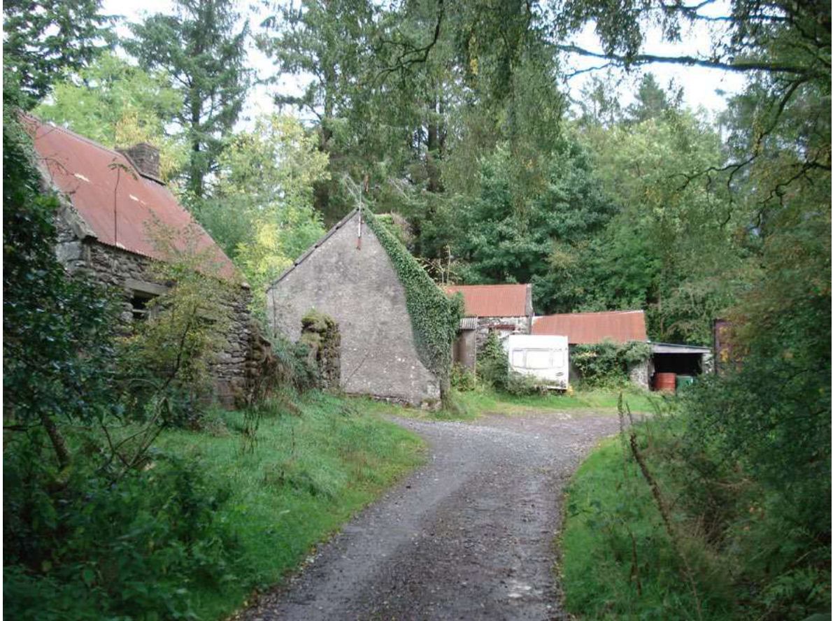
Figure 1. The remnants of “the city”, Nire Valley, County Waterford (photo L. Kealy, 2018).
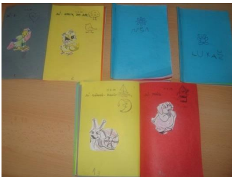
Příloha XIX. Notýsky
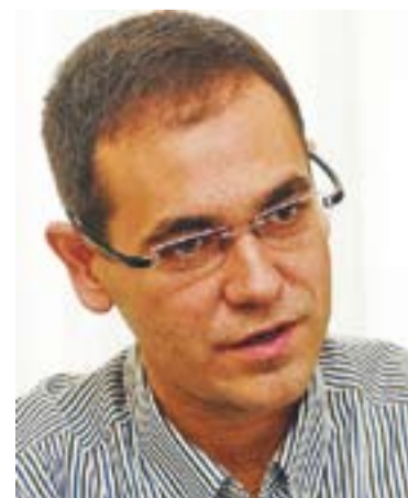
© Ignasi Giménez, alcalde de la vila || J.G.

A la segona carta es demana a les entitats financeres de Castellar que s'apliqui una moratòria fins que no s'acabi de produir aquesta nova regulació anunciada pel go-
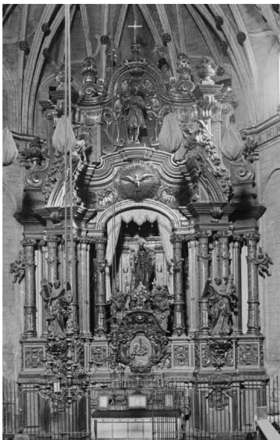
Retaula de l'altar major de l'església de Tremp (Fundació Institut Amatller d'Art Hispànic. Arxiu Mas)
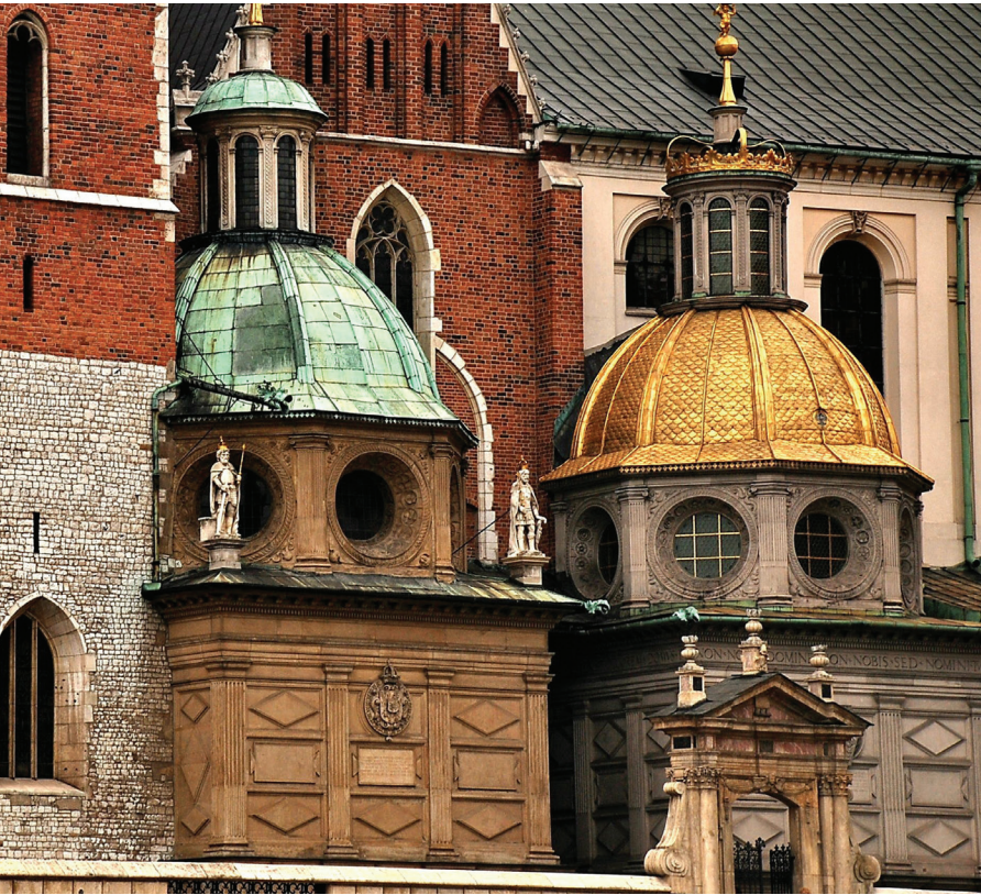
▲ Kaplice Wazów oraz Zygmuntowska przy wawelskiej katedrze

Skotnickich z 1339 r., później przebudowana. Zwraca w niej uwagę klasycystyczny pomnik Michała Bogorii Skotnickiego (zm. 1808), arystokraty i malarza – to kopia oryginalnego grobowca znajdującego się w bazylice Santa Croce we Florencji. Ostatnią od strony północnej jest kaplica Zebrzydowskich . Renesansową kaplicę znacznie przebudowano, ale zachował się pełen przepychu nagrobek biskupa Andrzeja Zebrzydowskiego (zm. 1560) wyrzeźbiony przez Jana Michałowicza z Urzędowa.
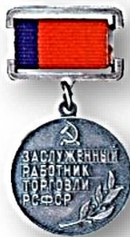
Нагрудной знак «Заслуженный работник торговли РСФСР»
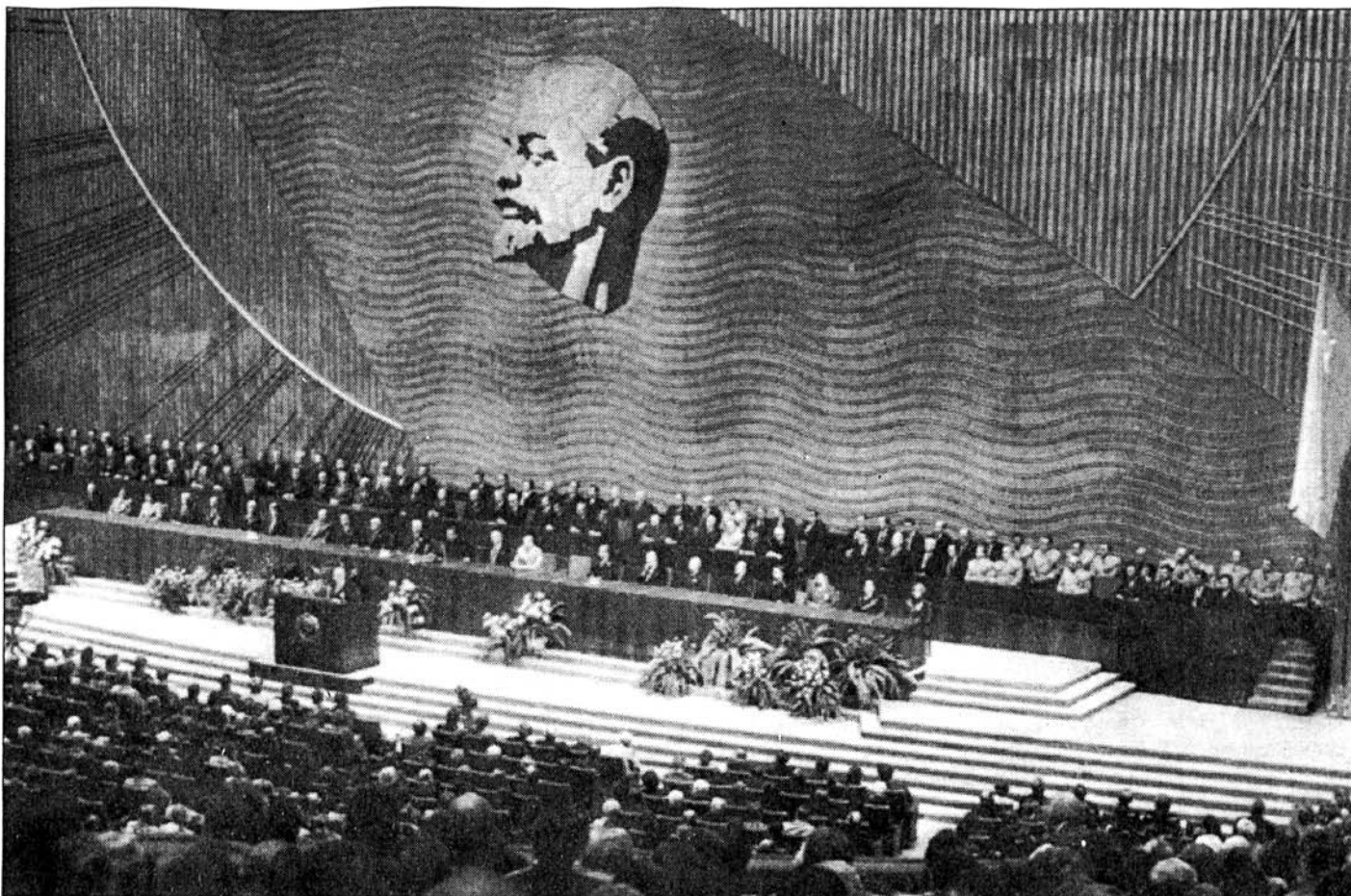
Zametnuti građanski rat u povijest je ušao pod nazivom Oktobarska revolucija - proslava 66. obljetnice u Moskvi

NA KRAJU STOLJEĆA NASILJA I TERORA: CRNA KNJIGA KOMUNIZMA
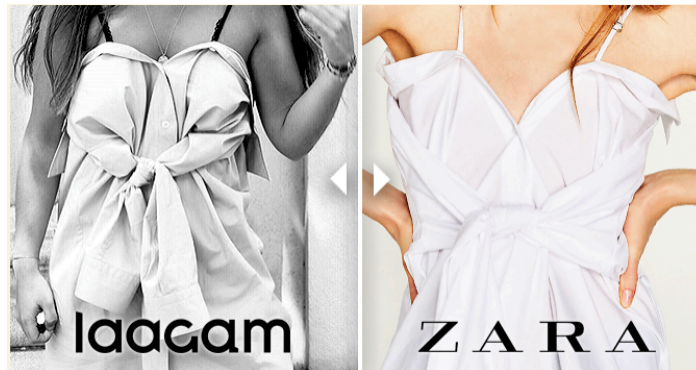
Figura 4: Caso Laagam vs Zara.

Fuente: Ballfugó, C. (2017, 3 de junio). Laagam reclama a Zara la retirada de una de sus prendas por plagio. Crónica Global .
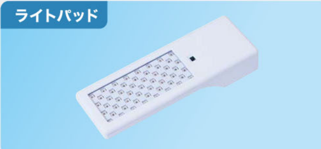
定格出力:5.0W 重量:170g 手元ON/OFF機能

背中や腹部など広い範囲への照射に有効的です。 LEDの光が均一に照射されしかもマイルドに作用 します。対象部位に近づくと自動でON、離れると 自動でOFFになる近接センサーも内蔵します。
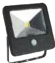
20W apparecchi alogeni da 120 W
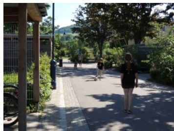
Rue résidentielle partagée Fribourg, Allemagne
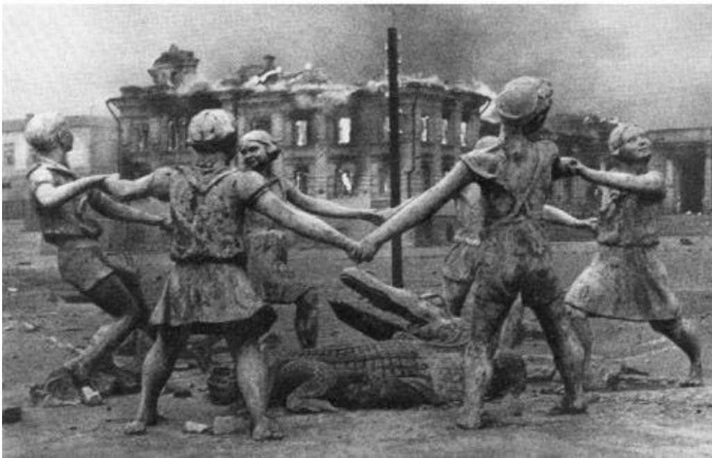
4. (Arriba) Vasili Záitsev y otros tres francotiradores de su grupo, entre ellos Galifan Abzálov. (Abajo) La escultura de los niños jugando en corro se halla cerca del centro de Stalingrado. La foto fue tomada en el apogeo de la batalla.
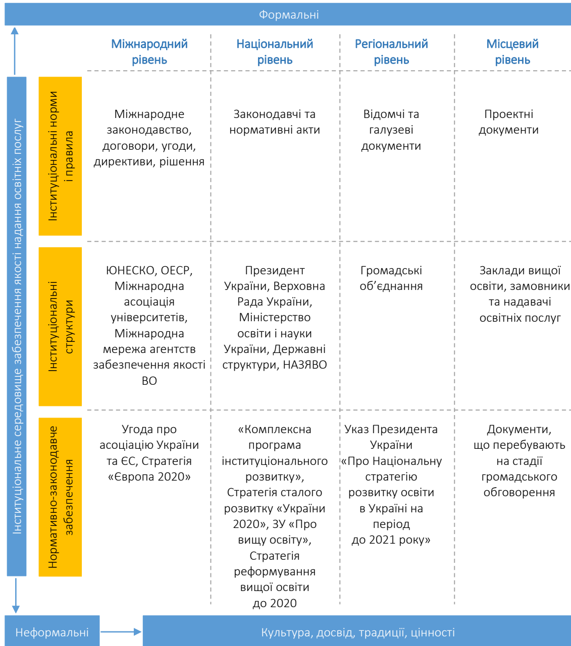
Рисунок 2. Інституціональні засади забезпечення якості вищої освіти
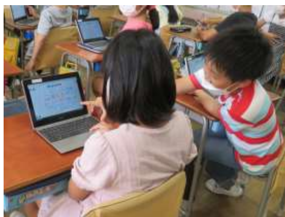
授業でタブレットを使う様子
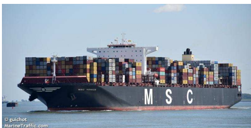
MSC Venice som tog container från Antwerpen till Förenade Arabemiraten.
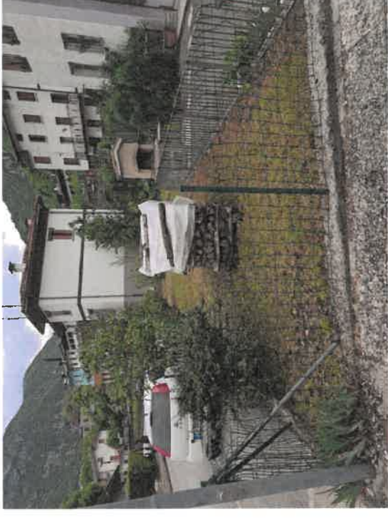
Foto n. 4 : C.F. Fg. 14 mapp. 162 - Fabbricato, corte pertinenziale
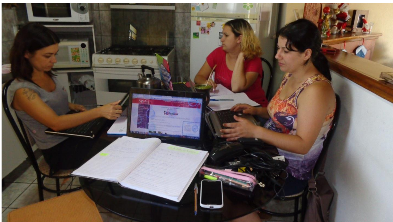
Organizamos o cronograma das atividades para 2015.

########################################

ASSIGNMENT:
In the records above, find the line that contains "Foto n. 4 : C.F.", then write it out along with every line after it, exactly, through the last one. Leave the pictures out.

RESPONSE TO THE TASK:
Foto n. 4 : C.F. Fg. 14 mapp. 162 - Fabbricato, corte pertinenziale
Organizamos o cronograma das atividades para 2015.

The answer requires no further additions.